• [Provided data]:
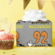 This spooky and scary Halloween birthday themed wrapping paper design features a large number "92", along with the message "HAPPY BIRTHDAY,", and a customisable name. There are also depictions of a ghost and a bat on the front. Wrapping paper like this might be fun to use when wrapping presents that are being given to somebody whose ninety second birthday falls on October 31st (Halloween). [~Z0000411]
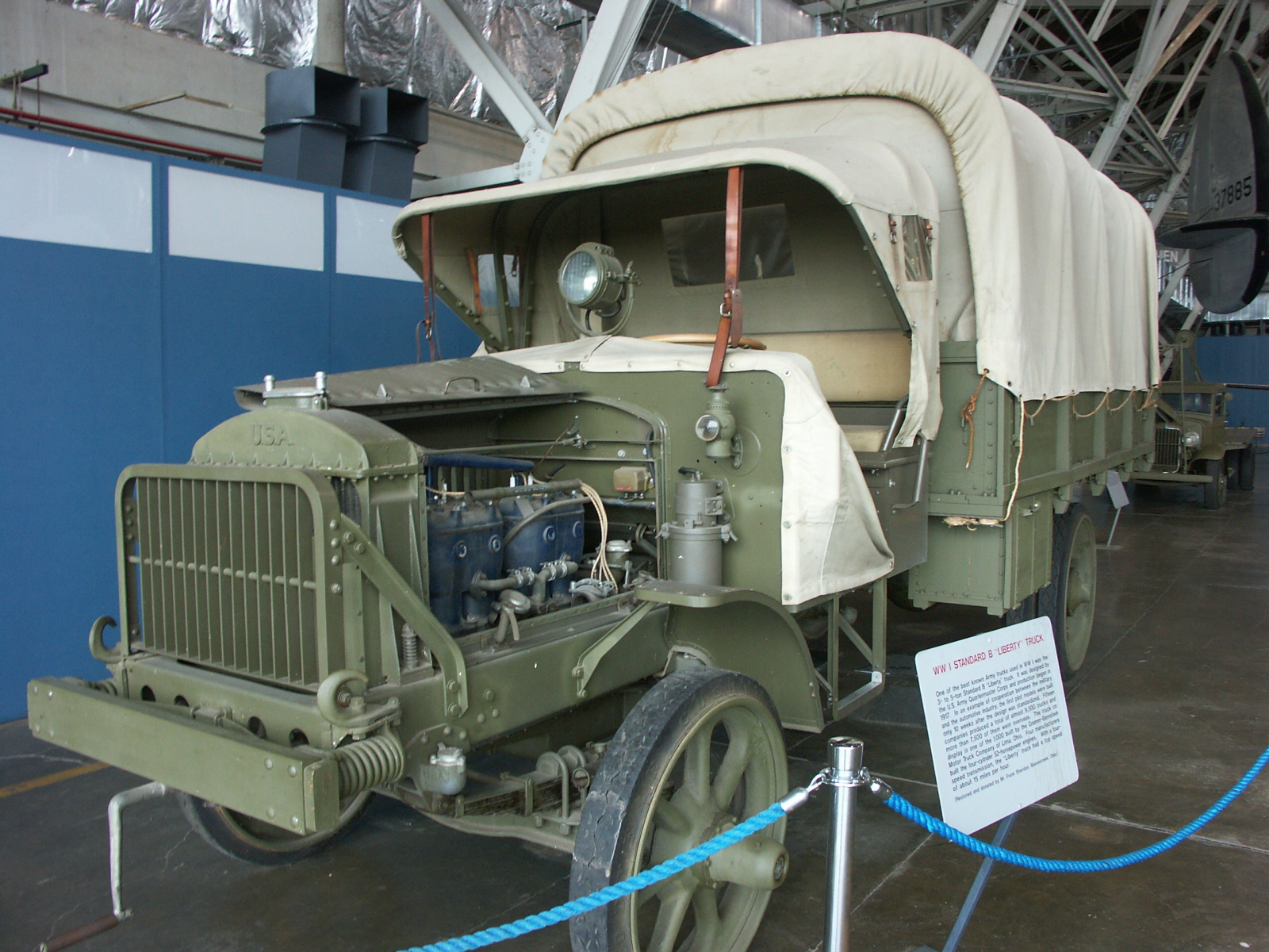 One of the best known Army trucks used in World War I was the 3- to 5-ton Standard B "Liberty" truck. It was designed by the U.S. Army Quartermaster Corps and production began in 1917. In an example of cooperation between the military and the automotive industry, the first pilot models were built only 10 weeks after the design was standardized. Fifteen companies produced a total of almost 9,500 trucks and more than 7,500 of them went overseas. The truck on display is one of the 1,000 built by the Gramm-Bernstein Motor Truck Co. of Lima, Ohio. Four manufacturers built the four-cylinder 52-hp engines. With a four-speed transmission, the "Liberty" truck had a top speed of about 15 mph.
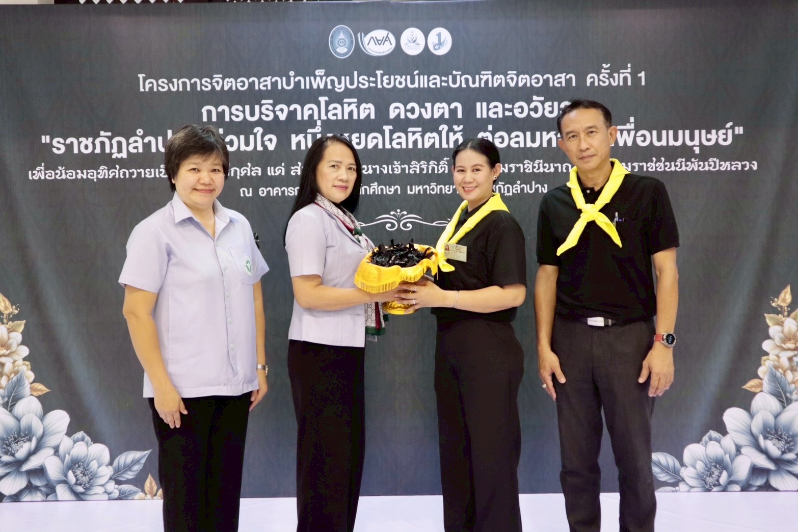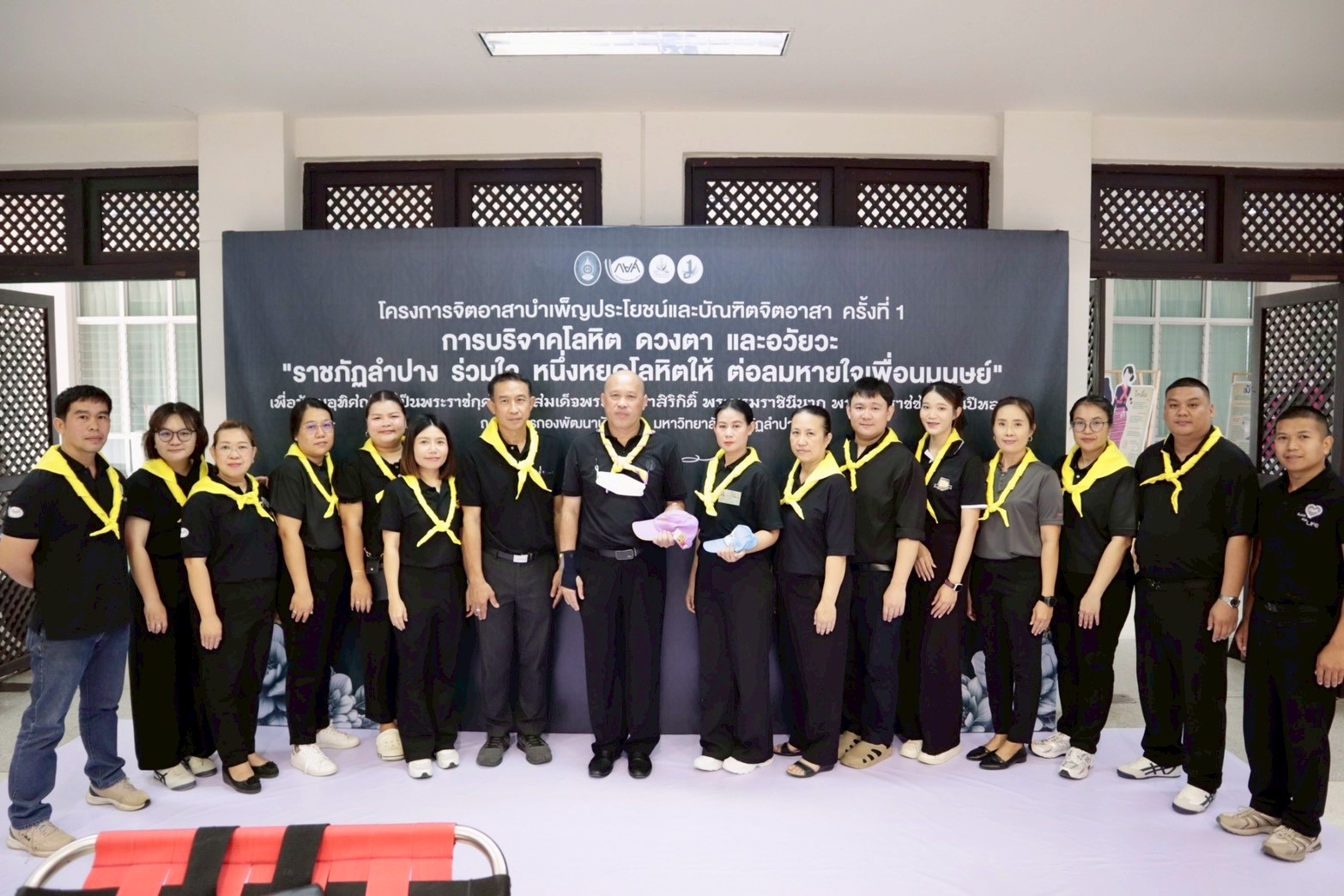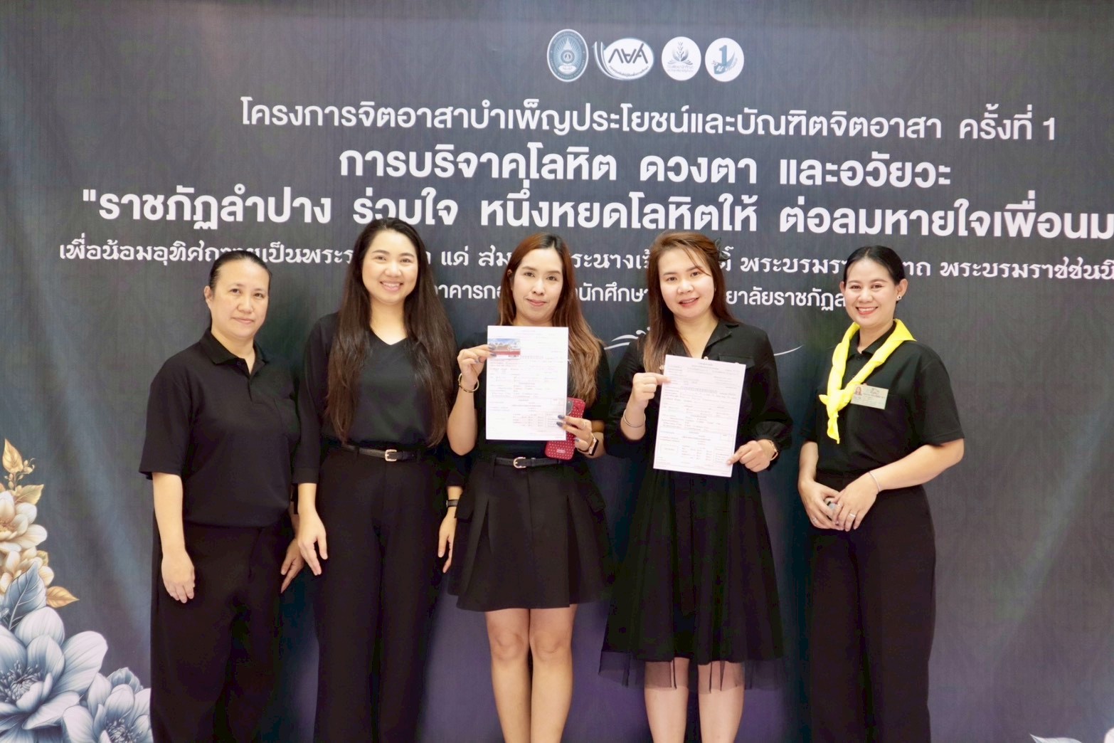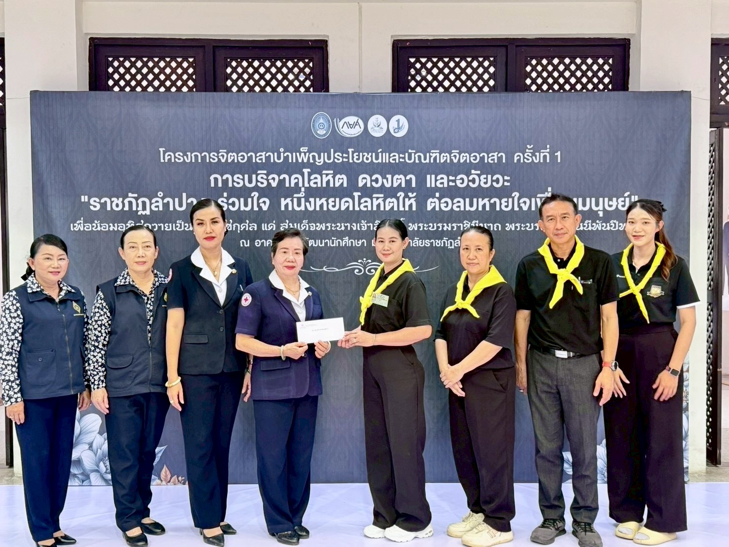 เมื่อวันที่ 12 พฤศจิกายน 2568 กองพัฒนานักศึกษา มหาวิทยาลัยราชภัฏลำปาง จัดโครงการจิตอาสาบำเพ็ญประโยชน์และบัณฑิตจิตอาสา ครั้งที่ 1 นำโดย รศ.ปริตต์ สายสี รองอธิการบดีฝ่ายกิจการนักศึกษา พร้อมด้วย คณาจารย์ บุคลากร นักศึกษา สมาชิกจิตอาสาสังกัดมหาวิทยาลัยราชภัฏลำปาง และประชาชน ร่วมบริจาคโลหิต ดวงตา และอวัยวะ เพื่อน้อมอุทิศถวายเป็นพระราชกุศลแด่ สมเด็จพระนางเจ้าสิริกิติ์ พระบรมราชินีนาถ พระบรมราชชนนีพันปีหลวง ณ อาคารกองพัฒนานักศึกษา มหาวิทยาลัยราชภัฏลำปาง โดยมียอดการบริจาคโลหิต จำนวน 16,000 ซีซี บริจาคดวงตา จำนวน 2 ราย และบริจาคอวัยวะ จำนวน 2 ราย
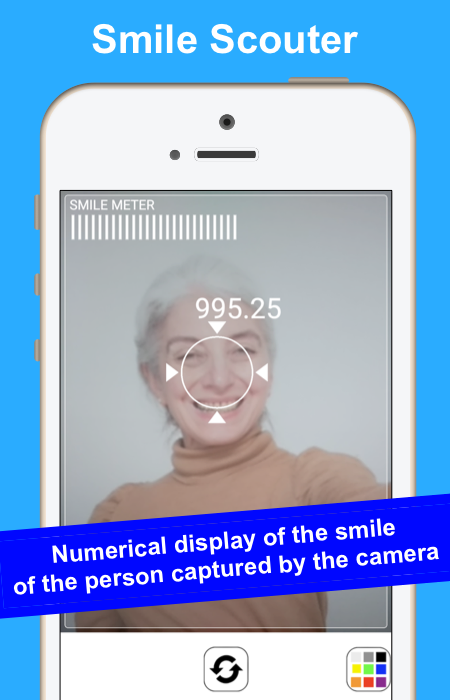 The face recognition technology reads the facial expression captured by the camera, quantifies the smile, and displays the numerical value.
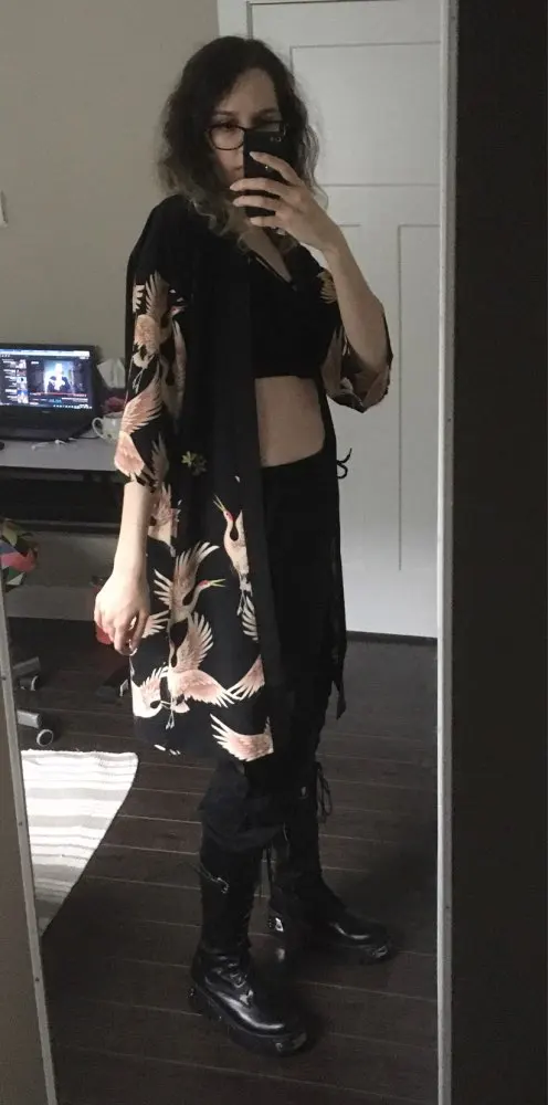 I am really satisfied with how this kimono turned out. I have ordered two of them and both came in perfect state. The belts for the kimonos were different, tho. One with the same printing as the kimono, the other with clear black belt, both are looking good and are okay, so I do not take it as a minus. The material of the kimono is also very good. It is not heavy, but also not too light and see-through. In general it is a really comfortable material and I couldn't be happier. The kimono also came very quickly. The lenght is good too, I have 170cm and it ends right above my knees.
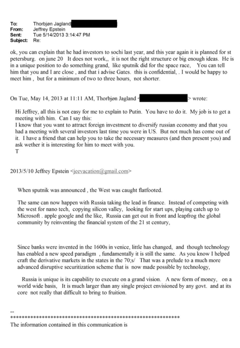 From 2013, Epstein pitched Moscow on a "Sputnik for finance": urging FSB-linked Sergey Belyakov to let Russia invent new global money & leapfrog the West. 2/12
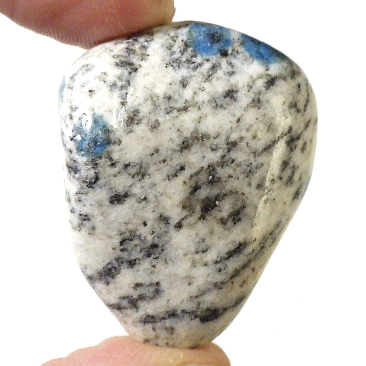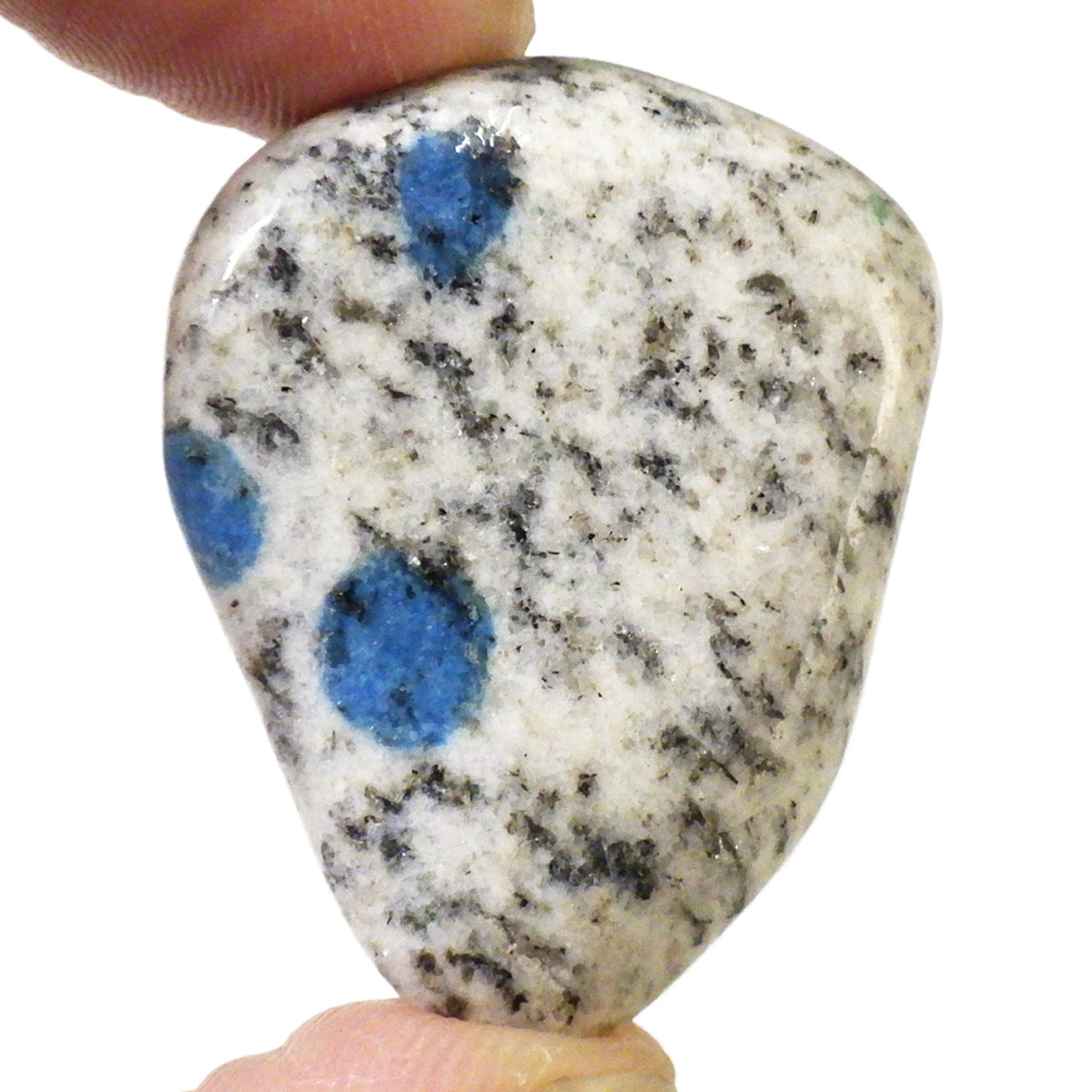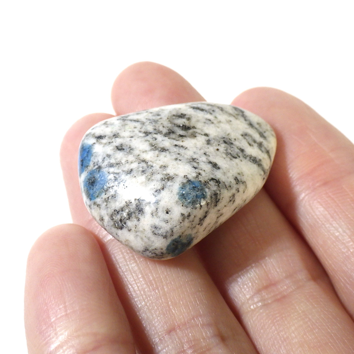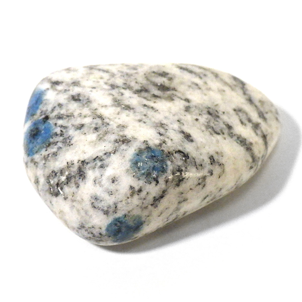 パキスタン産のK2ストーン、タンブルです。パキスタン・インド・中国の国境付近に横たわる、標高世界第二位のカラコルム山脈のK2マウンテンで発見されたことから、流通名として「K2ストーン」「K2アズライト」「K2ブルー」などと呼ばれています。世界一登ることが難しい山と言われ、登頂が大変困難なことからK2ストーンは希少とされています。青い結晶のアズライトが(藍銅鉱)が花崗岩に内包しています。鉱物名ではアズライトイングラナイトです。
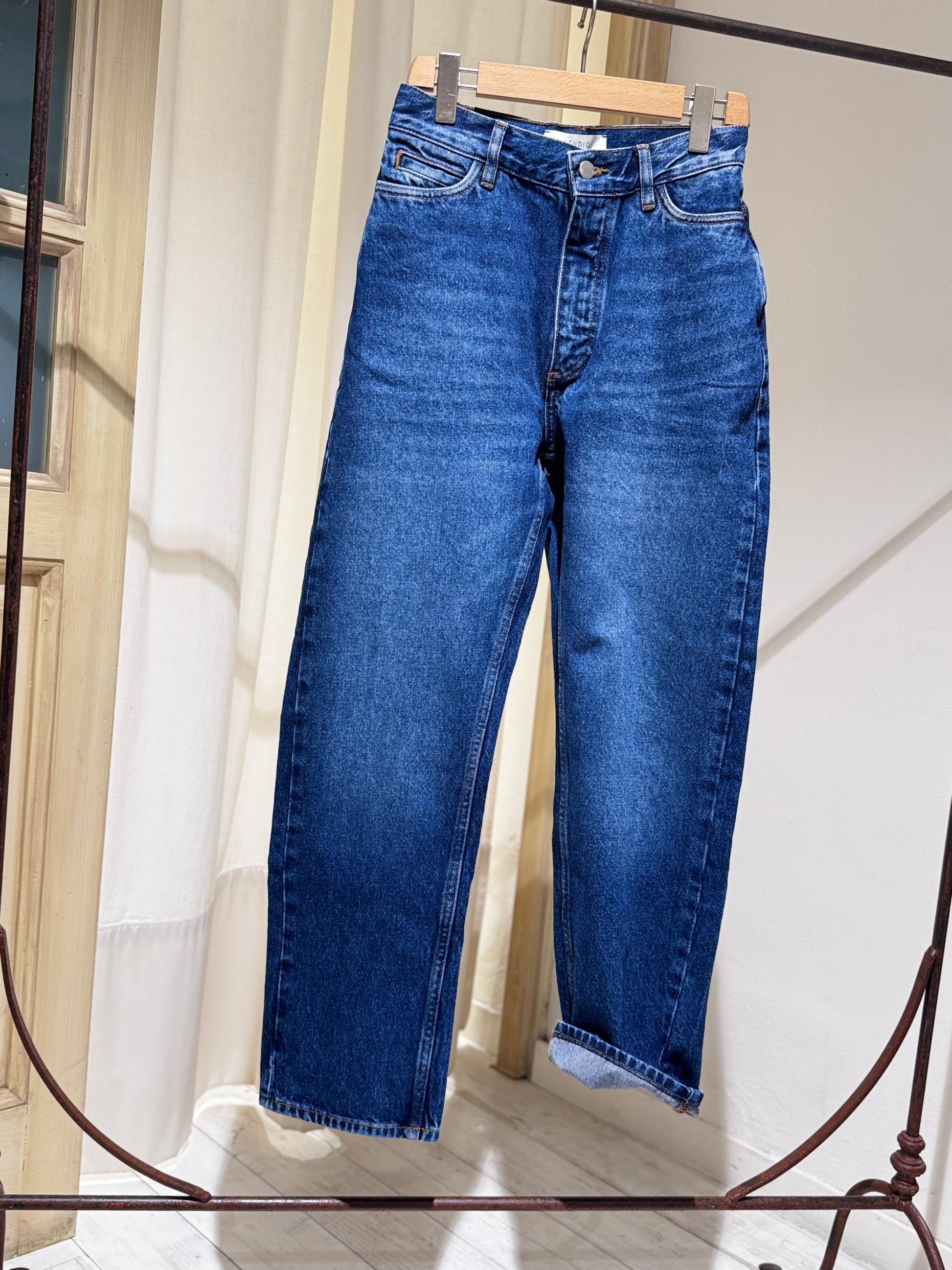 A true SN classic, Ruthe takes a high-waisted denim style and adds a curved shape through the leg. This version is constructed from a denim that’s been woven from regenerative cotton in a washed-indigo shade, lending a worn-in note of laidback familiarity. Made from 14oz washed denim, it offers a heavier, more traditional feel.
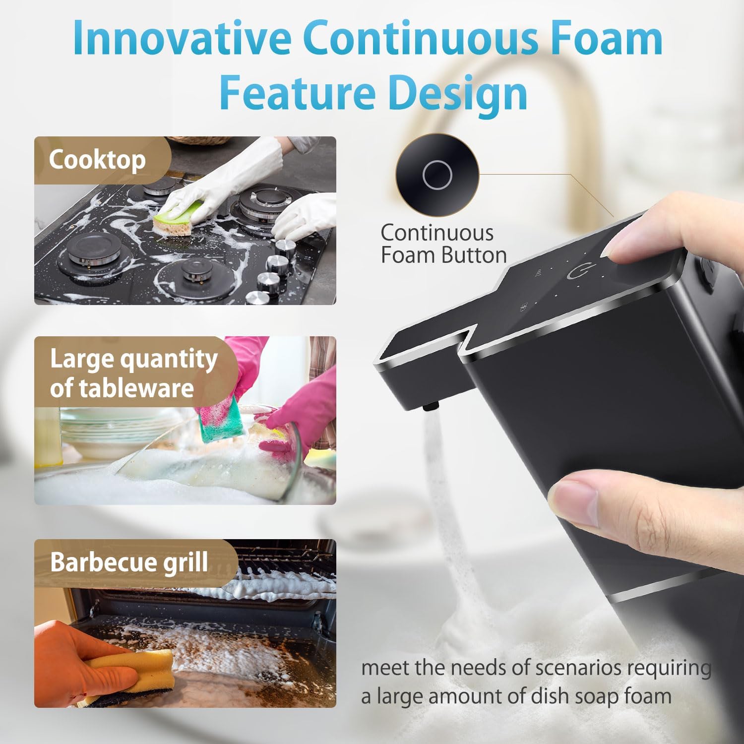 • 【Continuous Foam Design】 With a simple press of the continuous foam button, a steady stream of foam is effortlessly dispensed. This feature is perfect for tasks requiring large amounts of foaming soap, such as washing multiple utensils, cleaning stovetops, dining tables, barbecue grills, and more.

• [Work to complete]: Word for word, restate the records above and drop the pictures.

• [Completed exercise]:
 This spooky and scary Halloween birthday themed wrapping paper design features a large number "92", along with the message "HAPPY BIRTHDAY,", and a customisable name. There are also depictions of a ghost and a bat on the front. Wrapping paper like this might be fun to use when wrapping presents that are being given to somebody whose ninety second birthday falls on October 31st (Halloween). [~Z0000411]
 One of the best known Army trucks used in World War I was the 3- to 5-ton Standard B "Liberty" truck. It was designed by the U.S. Army Quartermaster Corps and production began in 1917. In an example of cooperation between the military and the automotive industry, the first pilot models were built only 10 weeks after the design was standardized. Fifteen companies produced a total of almost 9,500 trucks and more than 7,500 of them went overseas. The truck on display is one of the 1,000 built by the Gramm-Bernstein Motor Truck Co. of Lima, Ohio. Four manufacturers built the four-cylinder 52-hp engines. With a four-speed transmission, the "Liberty" truck had a top speed of about 15 mph.
 เมื่อวันที่ 12 พฤศจิกายน 2568 กองพัฒนานักศึกษา มหาวิทยาลัยราชภัฏลำปาง จัดโครงการจิตอาสาบำเพ็ญประโยชน์และบัณฑิตจิตอาสา ครั้งที่ 1 นำโดย รศ.ปริตต์ สายสี รองอธิการบดีฝ่ายกิจการนักศึกษา พร้อมด้วย คณาจารย์ บุคลากร นักศึกษา สมาชิกจิตอาสาสังกัดมหาวิทยาลัยราชภัฏลำปาง และประชาชน ร่วมบริจาคโลหิต ดวงตา และอวัยวะ เพื่อน้อมอุทิศถวายเป็นพระราชกุศลแด่ สมเด็จพระนางเจ้าสิริกิติ์ พระบรมราชินีนาถ พระบรมราชชนนีพันปีหลวง ณ อาคารกองพัฒนานักศึกษา มหาวิทยาลัยราชภัฏลำปาง โดยมียอดการบริจาคโลหิต จำนวน 16,000 ซีซี บริจาคดวงตา จำนวน 2 ราย และบริจาคอวัยวะ จำนวน 2 ราย
 The face recognition technology reads the facial expression captured by the camera, quantifies the smile, and displays the numerical value.
 I am really satisfied with how this kimono turned out. I have ordered two of them and both came in perfect state. The belts for the kimonos were different, tho. One with the same printing as the kimono, the other with clear black belt, both are looking good and are okay, so I do not take it as a minus. The material of the kimono is also very good. It is not heavy, but also not too light and see-through. In general it is a really comfortable material and I couldn't be happier. The kimono also came very quickly. The lenght is good too, I have 170cm and it ends right above my knees.
 From 2013, Epstein pitched Moscow on a "Sputnik for finance": urging FSB-linked Sergey Belyakov to let Russia invent new global money & leapfrog the West. 2/12
 パキスタン産のK2ストーン、タンブルです。パキスタン・インド・中国の国境付近に横たわる、標高世界第二位のカラコルム山脈のK2マウンテンで発見されたことから、流通名として「K2ストーン」「K2アズライト」「K2ブルー」などと呼ばれています。世界一登ることが難しい山と言われ、登頂が大変困難なことからK2ストーンは希少とされています。青い結晶のアズライトが(藍銅鉱)が花崗岩に内包しています。鉱物名ではアズライトイングラナイトです。
 A true SN classic, Ruthe takes a high-waisted denim style and adds a curved shape through the leg. This version is constructed from a denim that’s been woven from regenerative cotton in a washed-indigo shade, lending a worn-in note of laidback familiarity. Made from 14oz washed denim, it offers a heavier, more traditional feel.
 • 【Continuous Foam Design】 With a simple press of the continuous foam button, a steady stream of foam is effortlessly dispensed. This feature is perfect for tasks requiring large amounts of foaming soap, such as washing multiple utensils, cleaning stovetops, dining tables, barbecue grills, and more.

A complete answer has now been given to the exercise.